Transform component on databricks with azure storage mount as pipeline root error when removing tmp directory
- Environment in which the code is executed: Databricks Notebook
- TensorFlow version: 2.5.0
- TFX Version: 1.0.0
- Python version: 3.8.8
Running TFX on databricks with Azure Storage mount works fine up until the Transform component. The "tmp" directory doesn't exists (it is written to .temp). As a result, when tf.io.gfile.rmtree(base_temp_dir) is called in the Transform component, it will error out.
high level reproduction:
dbutils.fs.mount(source=/path/to/storage, mount_point=/dbfs/mnt/tfxdirctory) db_config=tfx.orchestration.metadata.mysql_metadata_connection_config() context = InteractiveContext(pipeline_root="/dbfs/mnt/tfxdirectory/", metadata_connection_config=db_config)
transform = tfx.components.Transform( examples=example_gen.outputs['examples'], schema=schema_gen.outputs['schema'], module_file=os.path.abspath(_taxi_transform_module_file),
) context.run(transform)
info
INFO:tensorflow:Assets written to: /dbfs/mnt/tfxdirectory/Transform/transform_graph/5/.temp_path/tftransform_tmp/5638d1f2d4d8472bb27ad29ffebea23c/assets
error
RuntimeError: tensorflow.python.framework.errors_impl.NotFoundError: /dbfs/mnt/tfxdirectory/Transform/transform_graph/5/transform_tmp; No such file or directory [while running 'WriteTransformFn/PublishMetadataAndTransformFn']

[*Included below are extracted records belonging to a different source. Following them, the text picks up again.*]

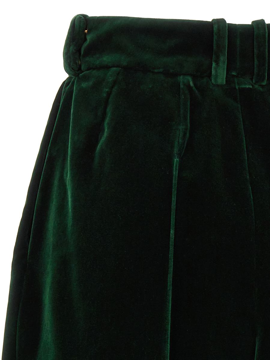 Boyfriend' velvet pants with loose leg and front pleats, hook-and-eye and button zip closure, pockets
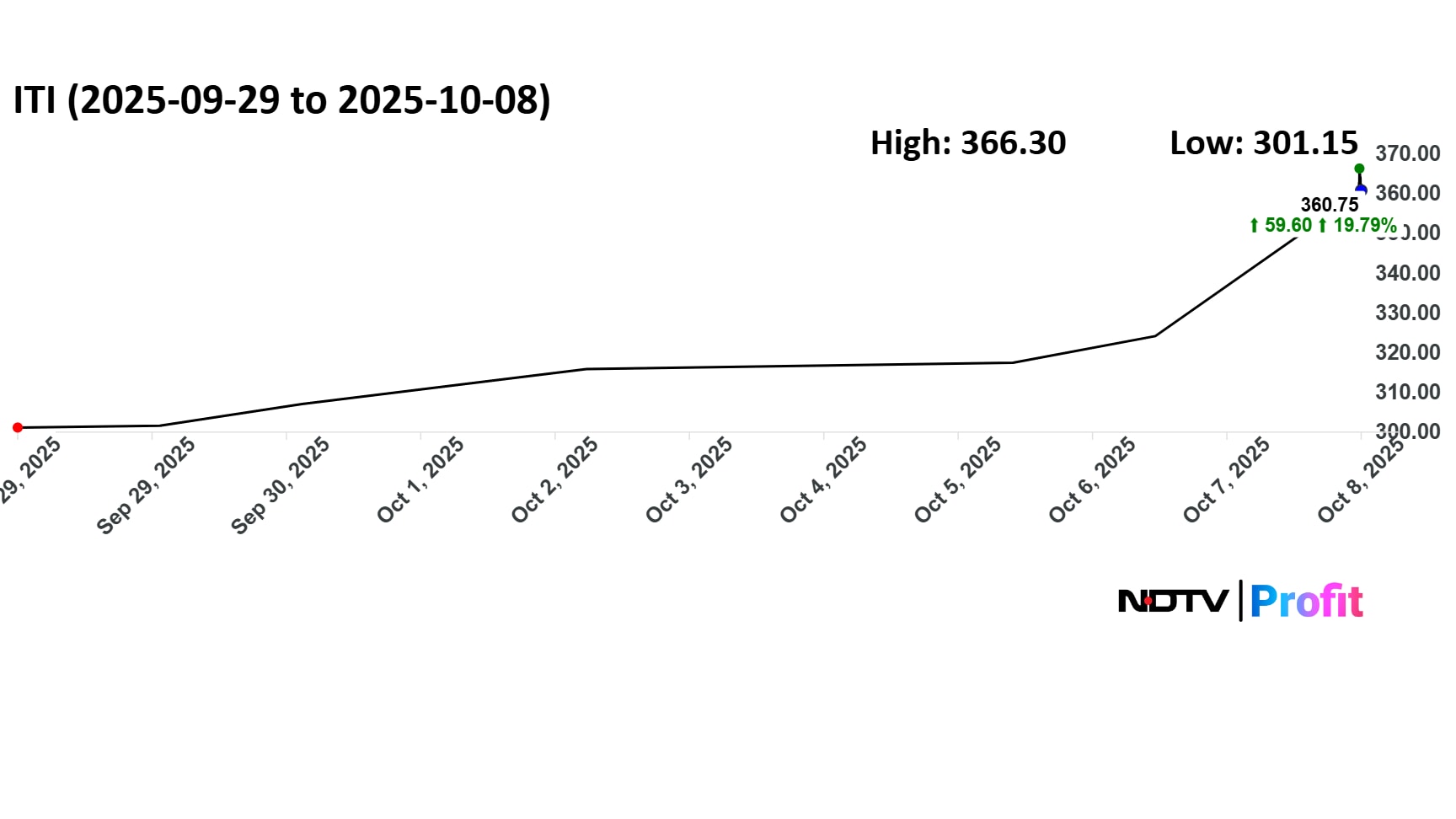 ITI share price advanced 12.6% intraday to Rs 365 apiece on Wednesday, compared to a flat Nifty 50. The total traded volume so far in the day stood at 21 times its 30-day average with a turnover of Rs 847 crore on the NSE. The relative strength index was at 76, indicating the stock is overbought.
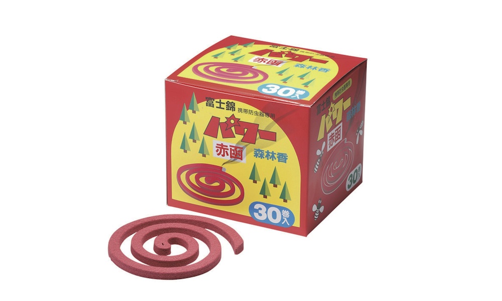 蚊取り線香よりもちょっと太い、赤いグルグルです。虫よけ線香ですが有効成分のメトフルトリンは殺虫及び忌避、両方に効果があります。
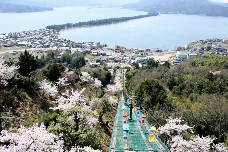 ![]() 傘松公園から成相寺まで登山バスで登る道中の桜 |
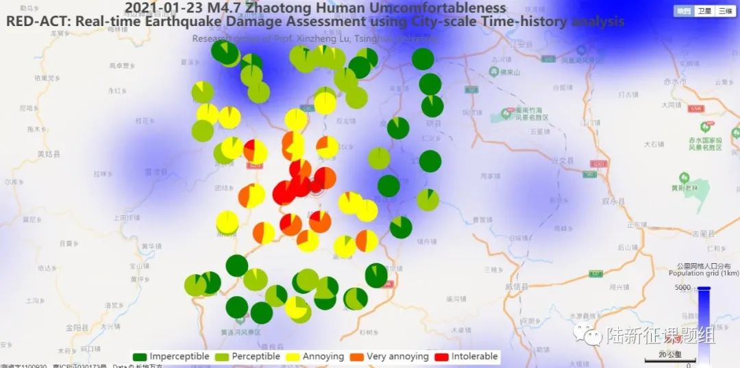 圖5 20210123云南昭通市鹽津縣4.7級(jí)地震不同臺(tái)站地震記錄人員加速度感受分布圖
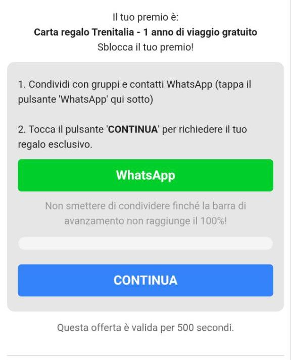 Nella pagina successiva ti verrà chiesto di condividere questa promozione con alcuni contatti e Gruppi WhatsApp. In modo rapido facile e sicuro…
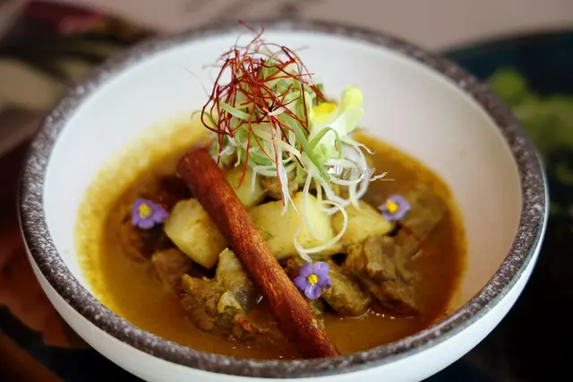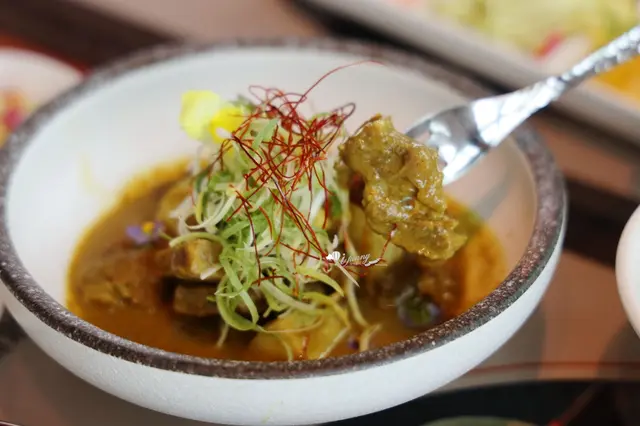 這道菜的牛腩先用南薑、月桂葉烹煮去腥,才加到融合了薑黃、干蔥、檸檬葉和辣椒醬的綜合香料中,再加椰糖、椰漿、牛高湯,小火慢燉到軟嫩入味,湯色橘艷,牛肉微辣噴香,讓人胃口大開!

directory structure (missing transform_tmp --> .temp_path/transform_tmp
!tree -a {/dbfs/mnt/tfxdirectory} /dbfs/mnt/tfxdirectory/Transform/transform_graph/5/ ├── .temp_path │ └── tftransform_tmp │ ├── 5638d1f2d4d8472bb27ad29ffebea23c │ │ ├── .tft_metadata │ │ │ └── schema.pbtxt │ │ ├── assets │ │ │ ├── vocab_compute_and_apply_vocabulary_1_vocabulary │ │ │ └── vocab_compute_and_apply_vocabulary_vocabulary │ │ ├── saved_model.pb │ │ └── variables │ │ ├── variables.data-00000-of-00001 │ │ └── variables.index
I wonder whether there are subtle different when azure storage mount is used on filesystem behavior? My reading of [1] suggests that something should be written, but if it's not guaranteed to be flushed, then it could be a race condition later.

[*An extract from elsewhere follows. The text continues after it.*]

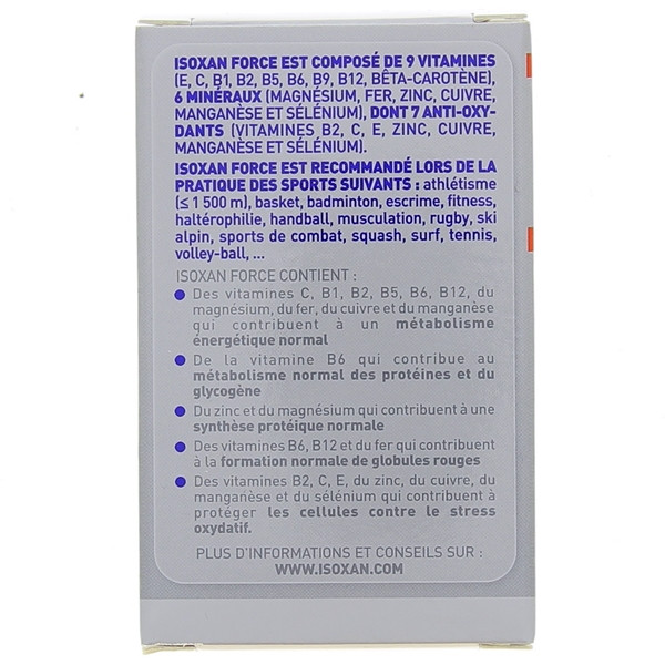 - Isoxan Sport Force est un complément alimentaire qui ne doit pas être utilisé comme substitut d’un régime alimentaire varié et équilibré.
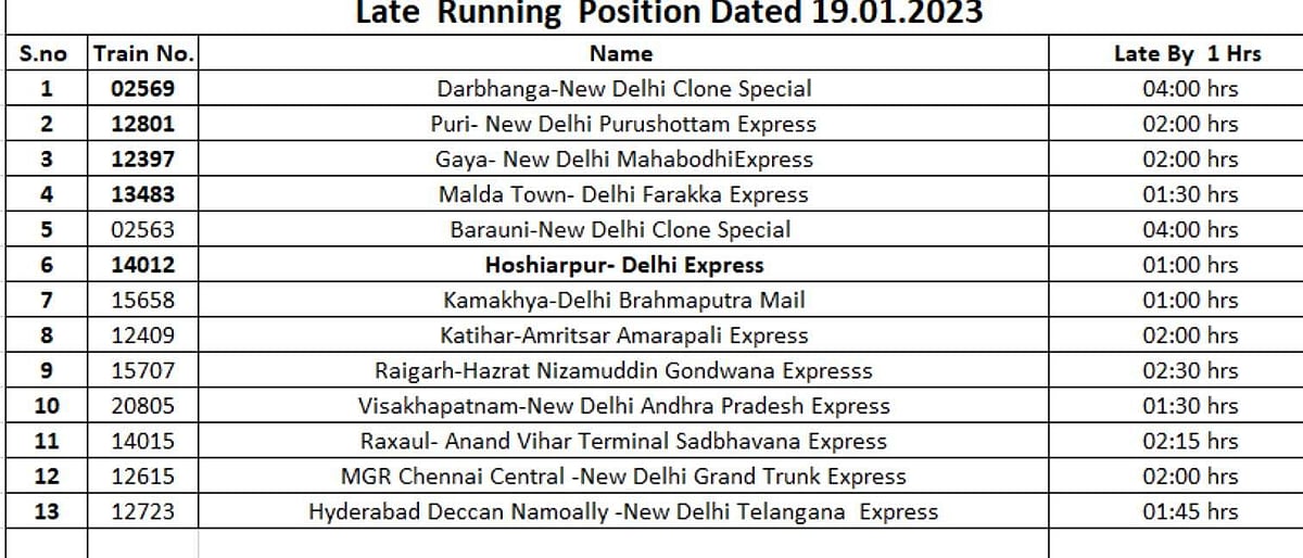 கடும் பனிமூட்டம் காரணமாக வடமாநிலங்களில் இன்று 13 ரயில்கள் தாமதம் ஆவதாக ரயில்வே நிர்வாகம் தகவல் தெரிவித்துள்ளது.

Note that we don't use azure storage mount ourselves so this would be quite difficult to reproduce from our side.
[1] https://github.com/tensorflow/transform/blob/master/tensorflow_transform/beam/tft_beam_io/transform_fn_io.py#L83
What I do think is interesting is that the other components work as expected with the azure storage mount (i.e. ExampleGen, StatisticsGen, etc). In addition, I was going through the repository, but couldn't figure out where the ".temp" part in Transform/transform_graph/5/.temp_path/tftransform_tmp/5638d1f2d4d8472bb27ad29ffebea23c comes from. I'm not sure if it is a race condition. I tried to create the directory beforehand, but that case it doesn't work.
We basically expect the following to write and flush: https://github.com/tensorflow/transform/blob/a183f6848d266e399e8cd2a2d37111411e8bd4e4/tensorflow_transform/tf_metadata/metadata_io.py#L122
I'm surprised that the directory doesn't even exist though because of this: https://github.com/tensorflow/transform/blob/a183f6848d266e399e8cd2a2d37111411e8bd4e4/tensorflow_transform/tf_metadata/metadata_io.py#L119
Do we know the extent of TF's support of azure storage mounts?

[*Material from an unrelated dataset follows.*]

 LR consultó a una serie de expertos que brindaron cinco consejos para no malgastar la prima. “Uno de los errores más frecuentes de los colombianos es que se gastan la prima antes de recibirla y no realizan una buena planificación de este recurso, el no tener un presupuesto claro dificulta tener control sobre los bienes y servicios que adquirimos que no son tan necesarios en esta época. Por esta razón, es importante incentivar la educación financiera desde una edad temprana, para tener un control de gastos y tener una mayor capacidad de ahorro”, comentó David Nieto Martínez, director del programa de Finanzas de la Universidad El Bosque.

@Sruinard is this an error that reproduces in 100% of runs or some?
Yes, the error reproduces 100% of the times...
@zoyahav Can you PTAL?
@Sruinard,
This line in tensorflow_transform/tf_metadata/metadata_io.py should create a directory for writing files if the directory is not present.
Please make sure your azure storage has write access. Ref: Authorize access to data in Azure Storage. Thank you!
This issue has been marked stale because it has no recent activity since 14 days. It will be closed if no further activity occurs. Thank you.
This issue was closed due to lack of activity after being marked stale for past 7 days.